• _Goal of the exercise_:
Do not copy the pictures. Write out the lines from the start of the entries through the line containing "Teltassa on vakiona".

• _Data provided_:
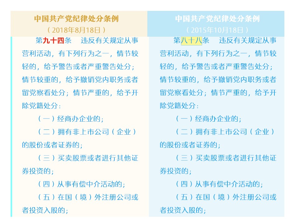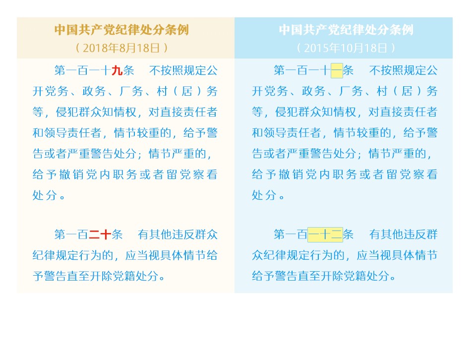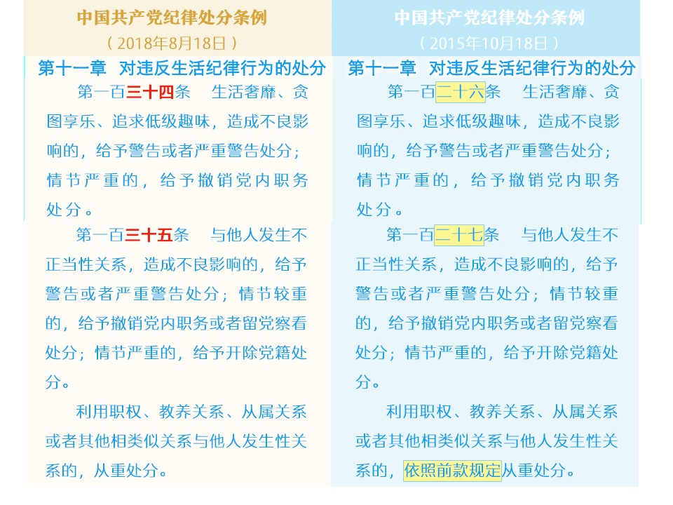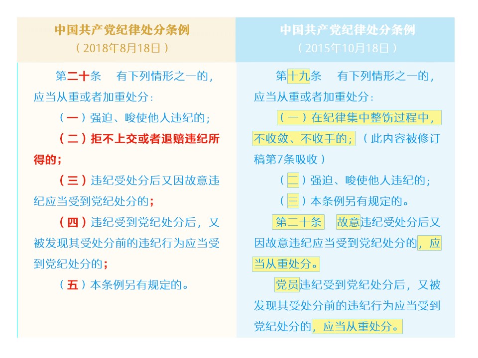 纪律处分条例修改对比
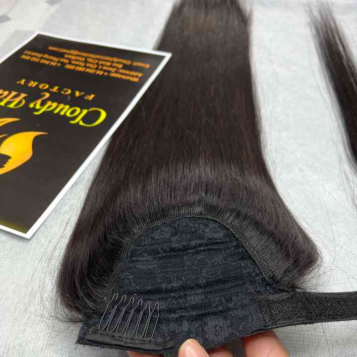 CDYHAIRVN หางม้าแบบพันรอบผมตรงสลวย เส้นผมต่อแบบหางม้า ผมแท้ 100%
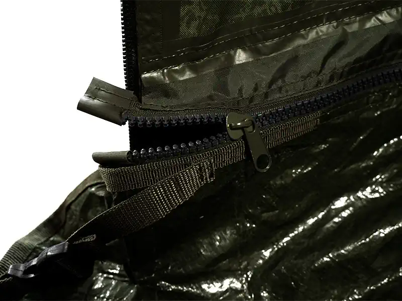 Teltassa on vakiona pohjakangas, joka kiinnittyy laadukkaalla vetoketjulla koko reunaa pitkin. Ei likaa eikä ei-toivottuja vierailijoita!
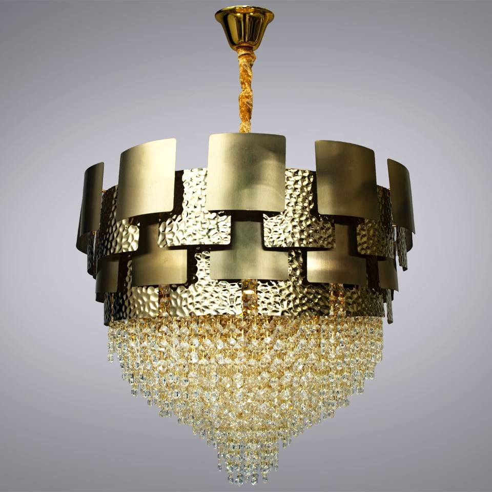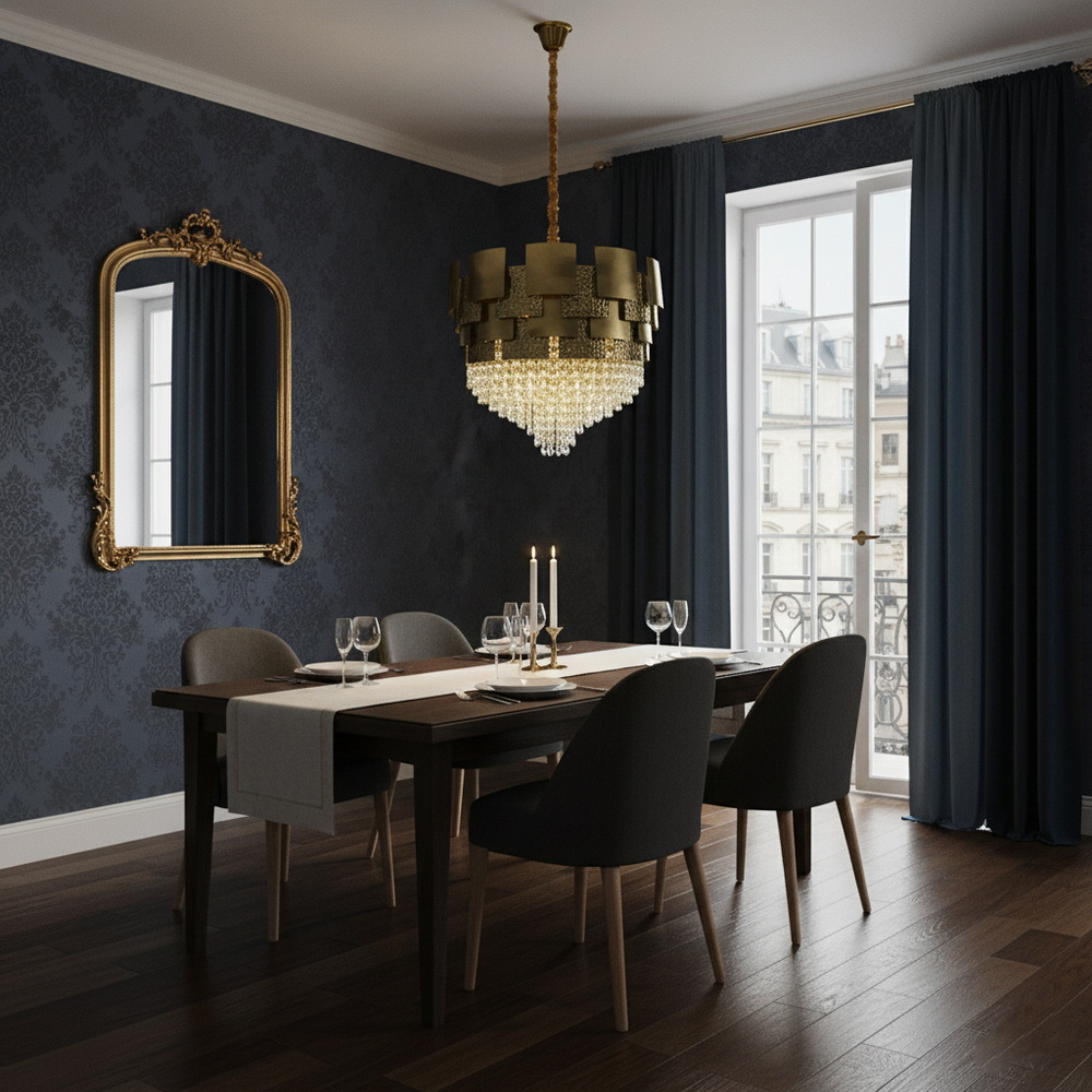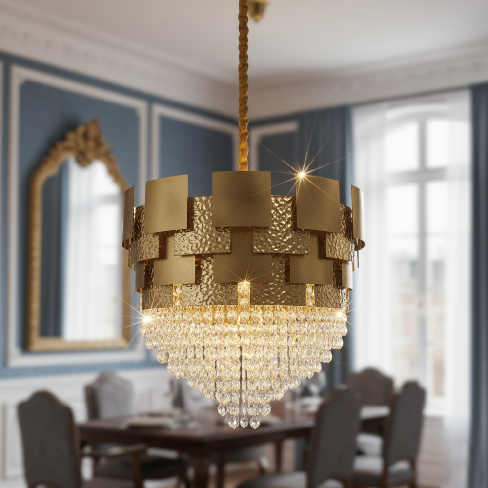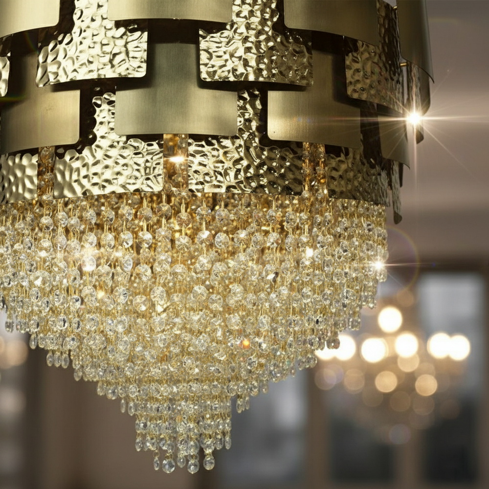 Теплий відтінок бронзового золота надає люстрі вишуканості та чудово поєднується з інтер’єрами у стилі класика, арт-деко чи неокласика. Кришталеві підвіски підсилюють світловий потік і додають простору глибини та гри відблисків. Така люстра стане ефектним акцентом у вітальні, спальні чи над обіднім столом, підкреслюючи статус і бездоганний смак господарів.
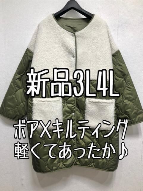 新品☆3L4L♪カーキ系♪ボア×キルティング♪軽量あったかアウター☆z633
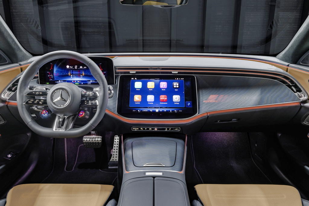 Jumelée à une transmission intégrale 4Matic+ Performance d’AMG, la motorisation transmet une puissance nette de 577 ch et 553 lb-pi de couple aux quatre roues. En outre, en s’offrant l’ensemble « Dynamique plus AMG », qui figure parmi les nombreuses options proposées pour cette voiture, l’acheteur de cette familiale verra la puissance bondir à 604 ch et la vitesse de pointe passer de 250 à 280 km/h. De plus, selon le constructeur, grâce à la fonction « Démarrage de course », que comprend cet ensemble, le temps d’accélération de 0 à 100 km/h chute de 4,1 à 3,9 s.
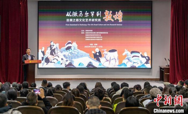 “从撒马尔罕到敦煌——丝绸之路文化艺术研究班”10月16日在敦煌莫高窟开班,旨在为专家学者、青年学子以及丝绸之路文化艺术的爱好者搭建研习平台,加深对以撒马尔罕为中心的粟特地区历史文化的了解,促进对撒马尔罕与敦煌乃至中国文化交流的研究,激发对丝绸之路文化艺术的探索热情。
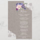 This purple flowers and lace dinner menu card is perfect for a country wedding. The rustic chic design features a beautiful arrangement of plum purple, lilac and blush pink flowers with white floral lace on an elegant linen background. This menu can be used for a wedding reception, rehearsal dinner, or any event.
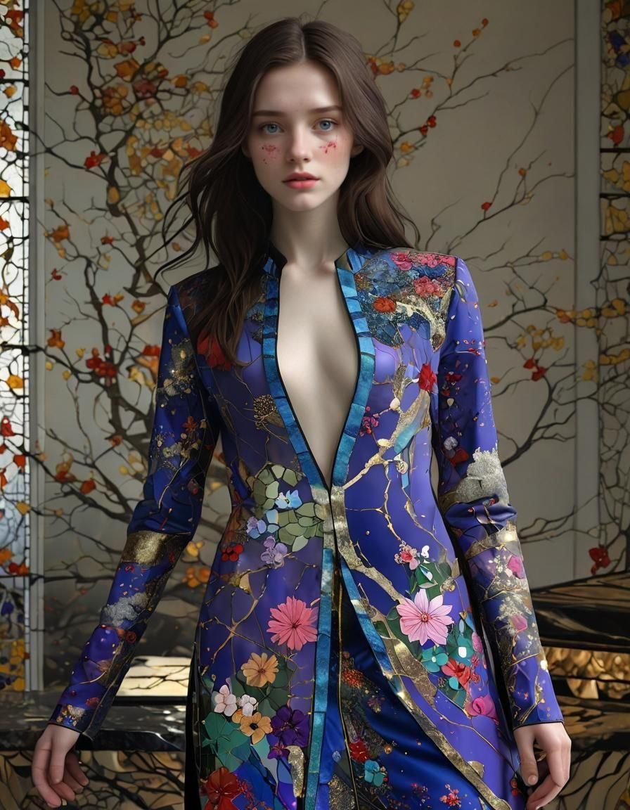 "Extreme colour flowery explosion! Kintsugi floral stained glass on marble! Flowers of forest defeating a bunch of wildflowers Confident bravery! Emerging from darkness! Splash ocean trees! Dream captured in intricate shapes ! background, hyperdetailed, by Harry Clarke, Aubrey Beardsley, dance magic"
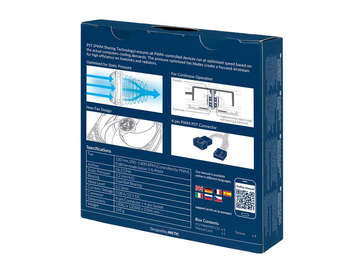 ARCTIC P12 PWM PST CO - Pressure-optimised 120 mm Fan with PWM and PST (PWM Sharing Technology) for Continuous Operation
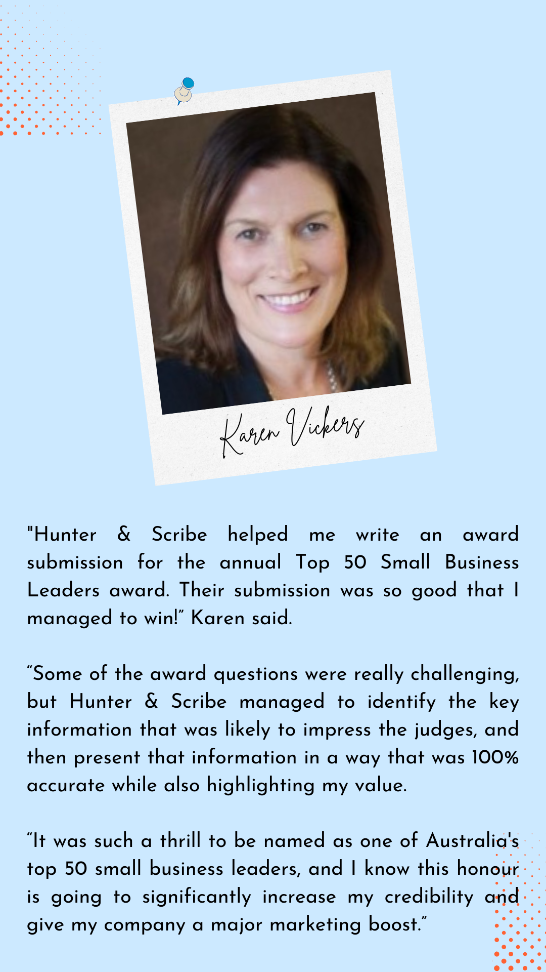 “Hunter & Scribe helped me write an award submission for the annual Top 50 Small Business Leaders award. Their submission was so good that I managed to win!” Karen said.
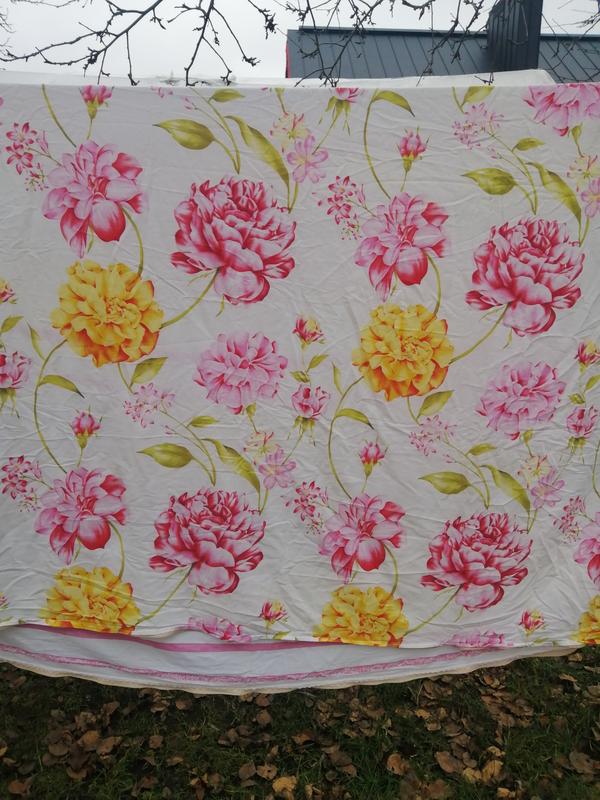 Размер 190 с на 210 см. С одной стороны шикарные цветы из другой полоски. На молнии. Состав ткани хлопок. Этикетка не нашла поэтомуmon хлопка от 50 до 100 %. Ткань приятная к телу.
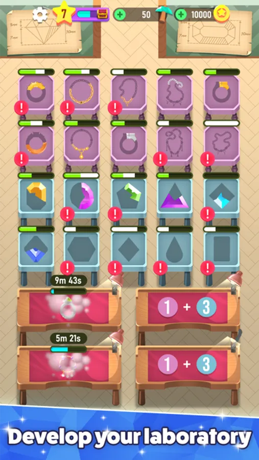 CRAFT IN LABORATORY! After you’re done with mining, you’ll enter the Laboratory, to craft jewelry. Assemble pieces of gems you’ve found in mine by matching them in a 2D Tangram Puzzle minigame. After matching all the pieces, combine everything to craft stunning jewelry, that will leave your clients bejeweled. You can craft fully custom jewelry to discover your creativity and passion for fashion. Create jewelry you and your clients will like to sell in the store. It’s a gems game!

• _Output of the task_:
 纪律处分条例修改对比
 CDYHAIRVN หางม้าแบบพันรอบผมตรงสลวย เส้นผมต่อแบบหางม้า ผมแท้ 100%
 Teltassa on vakiona pohjakangas, joka kiinnittyy laadukkaalla vetoketjulla koko reunaa pitkin. Ei likaa eikä ei-toivottuja vierailijoita!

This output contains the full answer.